Chennai- A City with a Cultural Equipoise

       This post is part of the blog tag titled, The CBC Tablog – 3, where CBC stands for Chennai Bloggers Club, a group where diverse bloggers who are connected to Chennai talk about a variety of things including blogging. The theme we’ve chosen this time is “CHENNAI – A BLEND OF THE TRADITIONAL AND MODERN“. Sriram Acharya, who blogs at My Paradoxical Paradise passed the blog tag to me. Thanks Sriram for introducing me and you can read his post on the some theme here . 

       I think my generation is the first to grow up in the so called “Modern Chennai” and adapt ourselves to this changing Chennai. When I just walk across the streets now, rewind my thoughts and pause to see how it was 10 years ago, all I see is a calmer and a less crowded Chennai. The best thing about Chennai is that all the rich culture and traditions that this land holds has stayed on for years with only constructive changes rather than being completely overshadowed by a new culture. One example which I’d like to say for this is Carnatic Music. It’s one aspect that is so specific and so close to Chennai. With so many complexities and intricacies, this art form has held on for centuries primarily because of the importance laid on it at home. I strongly feel that the knowledge about the value of traditions should be properly passed to children from a very young age so that they don’t lose the identity of this land, the trademarks of Chennai.It’s not just Carnatic Music, gaana songs which are very famous in North Chennai have stayed on for years.

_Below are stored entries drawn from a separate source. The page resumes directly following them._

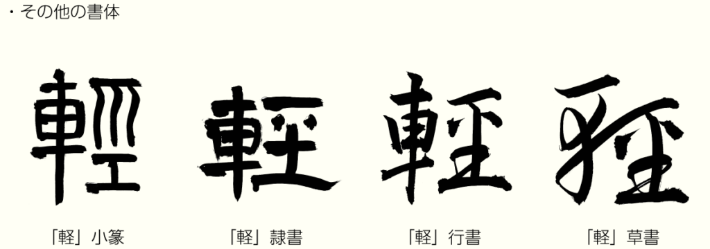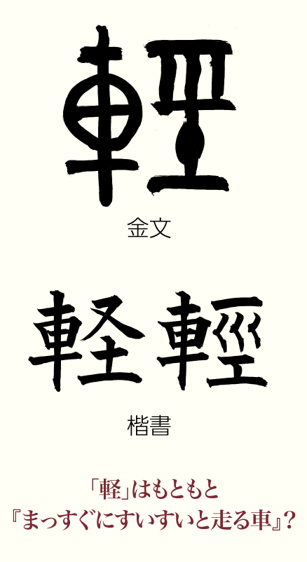 春になるにつれて体も動かしやすい季節になり、気持ちも軽やかになってくる方も多いでしょう。今回は『軽』についてみていきます。『軽』のもともとの字は『輕』です。『輕』を分解すると『車』+『巠』となります。『車』は馬に引かせる馬車を表した漢字です。今では、車は自動車のことですが、昔は馬が引いた車を指しました。一方、『巠(ケイ)』という漢字は、工作台の上に縦糸を張ったさまで、『まっすぐ』を表しています。そこから『まっすぐにすいすいと走る車』、転じて『身軽なこと、軽い』の意味が生じたとされています。なお、『巠』の部首は『巛』の、『くの曲がった部分』で『まがりかわ』といいます。『巠』は単独で使われることはないですが、その省略形の『圣』が、径、経などの漢字のパーツとして使われます。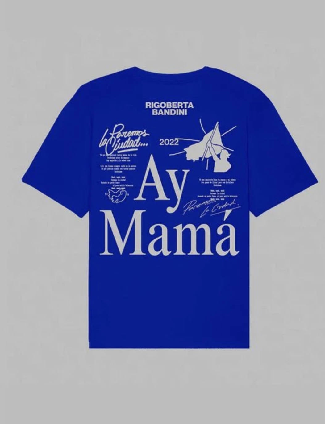La cantante se ha estrenado con dos camisetas producidas en algodón 100% orgánico. La primera de ellas, un modelo de manga corta blanco con el 'Ay mamá' y algunas de las principales frases de la icónica canción en azul; y la otra, con base azul klein con el 'print' en blanco a contraste.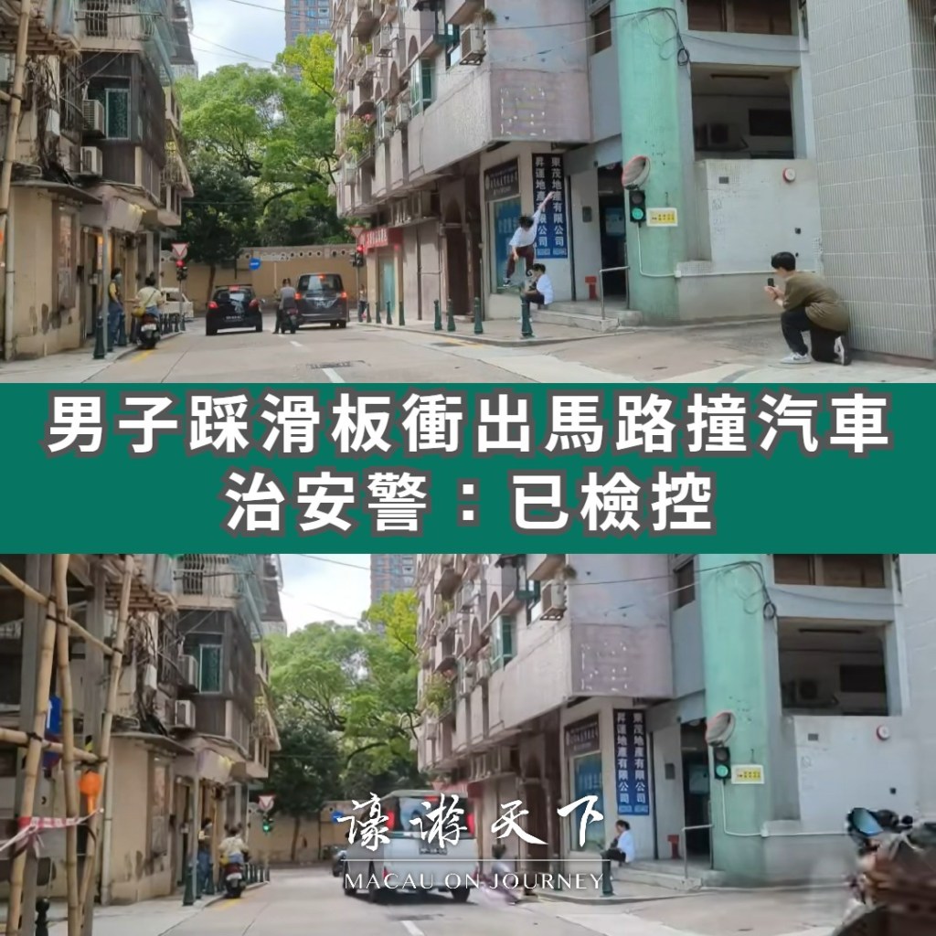 網上今日流傳多段有男子在荷蘭園巴士度街玩滑板時衝出馬路,被汽車撞倒的影片。治安警察局證實了事件,指該名居民的行為影響其他道路使用者的安全,已依法檢控,並稱警方嚴厲譴責有關人士罔顧道路安全的行為。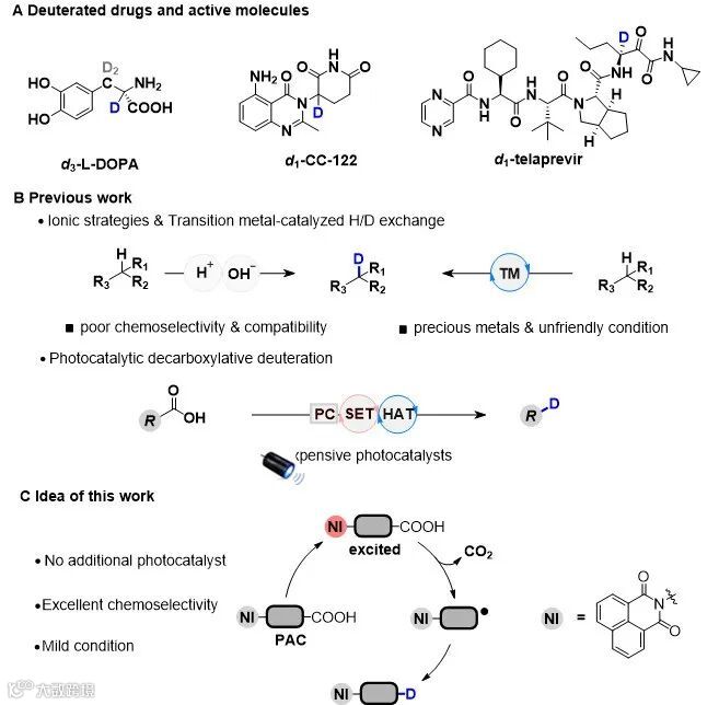 氘标记在合成化学、药物化学和有机材料等多个领域中发挥着不可或缺的作用(图1a)。传统的离子策略依赖于氘代强酸或强碱,存在官能团耐受性差和化学选择性不受控的问题。近几十年来,过渡金属催化的氢/氘交换方法成为氘代反应的主要方法,但过渡金属催化剂通常存在成本高、合成困难及产生危险废物等问题(图1b)。在过去十年中,光催化单电子转移(SET)诱导的脱羧氘化反应取得了显著进展,但光催化剂通常包括稀有金属复合物或复杂合成的有机染料,限制了其在广泛工业过程中的应用。针对这些问题,作者通过将萘酰亚胺(NI)光敏砌块整合到羧酸分子中,使其具有多重功能,既作为保护基团也作为光敏基团,从而实现了精确的自催化脱羧氘化(图1c)。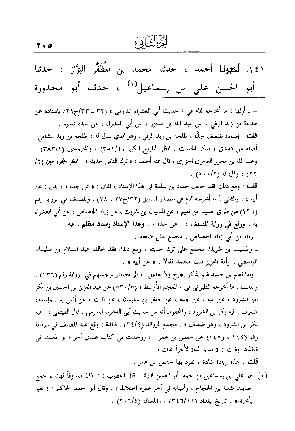 141 - أَخْبَرَنَا أَحْمَدُ، حَدَّثَنَا مُحَمَّدُ بْنُ المُظَفَّر البَزَّاز، حَدَّثَنَا أَبُو الْحَسَنِ علي
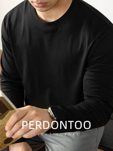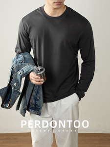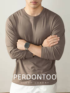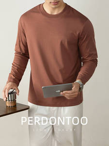 “顶奢系列” 80S高支液氨丝光莱赛尔T恤长袖男士纯色打底体恤衫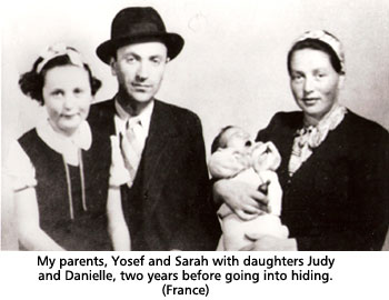 A fellow escapee in the underground told Sarah that he would take the children and make sure they made it to a safe place, and that she would be able to claim us after the war. “So,” says Danielle, “in 1943, my mother gave us up.”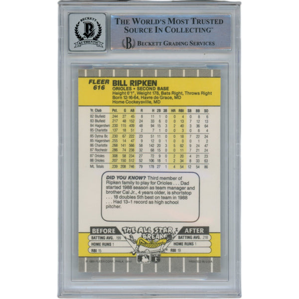 Billy Ripken Autographed 1989 Fleer 616 Trading Card 10 Grade Beckett 49359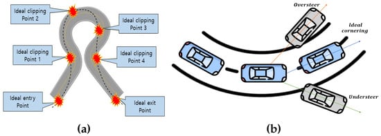 Corner driving: (a) clipping point; and (b) understeer and oversteer.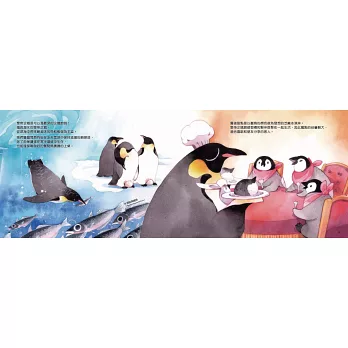 《企鵝餐廳》是本介紹企鵝品種、習性的繪本,作者飆飆先生以“美食“為主軸,將每個品種的企鵝的生活習性、成長環境融合在故事中。讓我們在閱讀故事時不知不覺的認識每種企鵝。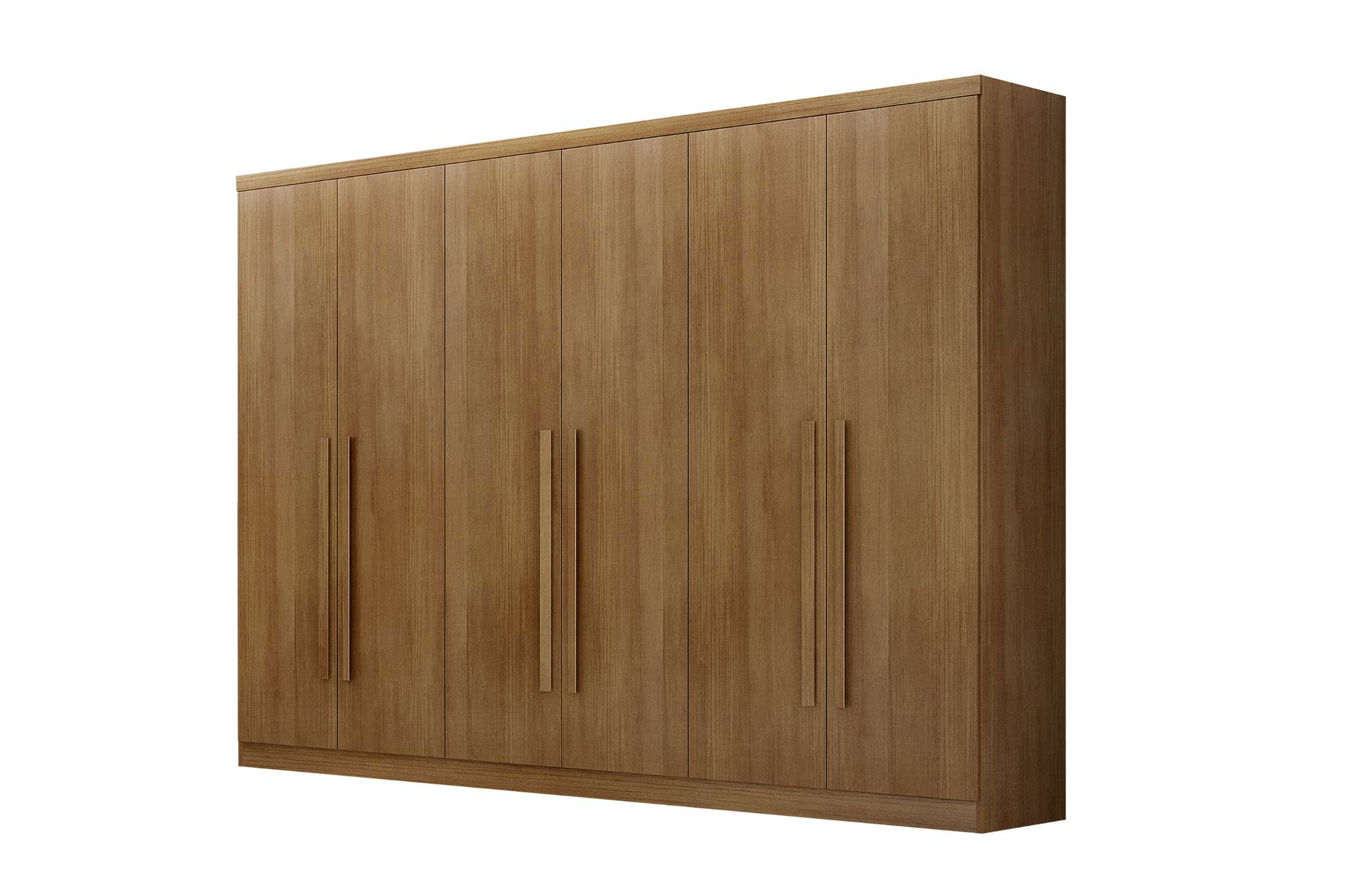 Guarda-roupa com excelente divisão interna, incluindo espaço “ele e ela” para mais organização no dia a dia, conta com puxadores com acabamento amadeirado e dobradiças de pressão 35mm que garantem praticidade e durabilidade, além de gavetas internas com corrediças telescópicas que proporcionam abertura suave e melhor aproveitamento do espaço.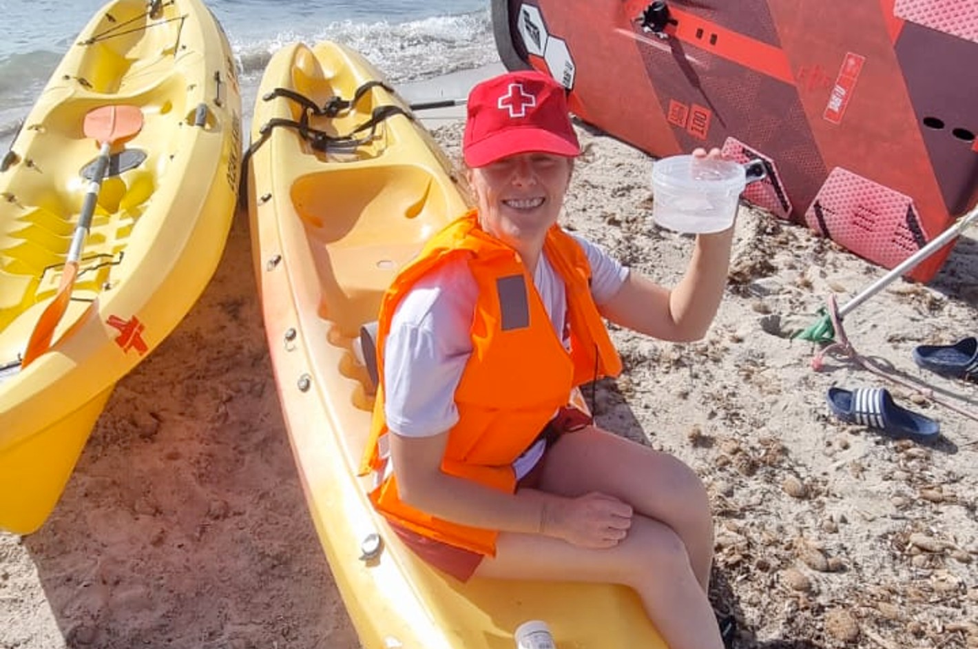 “Cuando vemos a alguna embarcación que ha fondeado sobre posidonia le pedimos si puede levantar el ancla y hacerlo sobre bancos de arena para, así, no dañar a la especie”, cuenta Erica, poniendo el foco en que dicha labor es meramente informativa. Y no es lo único que hacen. Junto a las tres personas voluntarias que suelen componer este proyecto, se reparten la faena: dos se meten en kayaks en el mar, y otras dos limpian los residuos que hay en la zona de la playa.

       The reason I call Chennai, a city with a cultural equipoise is because Chennai is a cosmopolitan city and it has allowed each culture to grow in a healthy manner. To illustrate this, as you walk across the streets of Mylapore, you see the famous Kapaleeshwar Temple which plays Bharat Ratna M.S Subbulakshmi’s suprabathram, when you walk further and take a right, you see a Jain Temple where people meditate in midst of city’s busyness, a little more further across the beach you see the Santhome Church where you can hear the carols and behind the church you can find the people happily singing gaana songs. All these things happen within a small radius of 2 km and yet none has overshadowed the other. This doesn’t mean people in Chennai don’t hear to discos or don’t have a nightlife. DJ Nights, Discotheques also exists in Chennai and it attracts people who sing Carnatic Music in the evenings and enjoy the pumping music at nights. 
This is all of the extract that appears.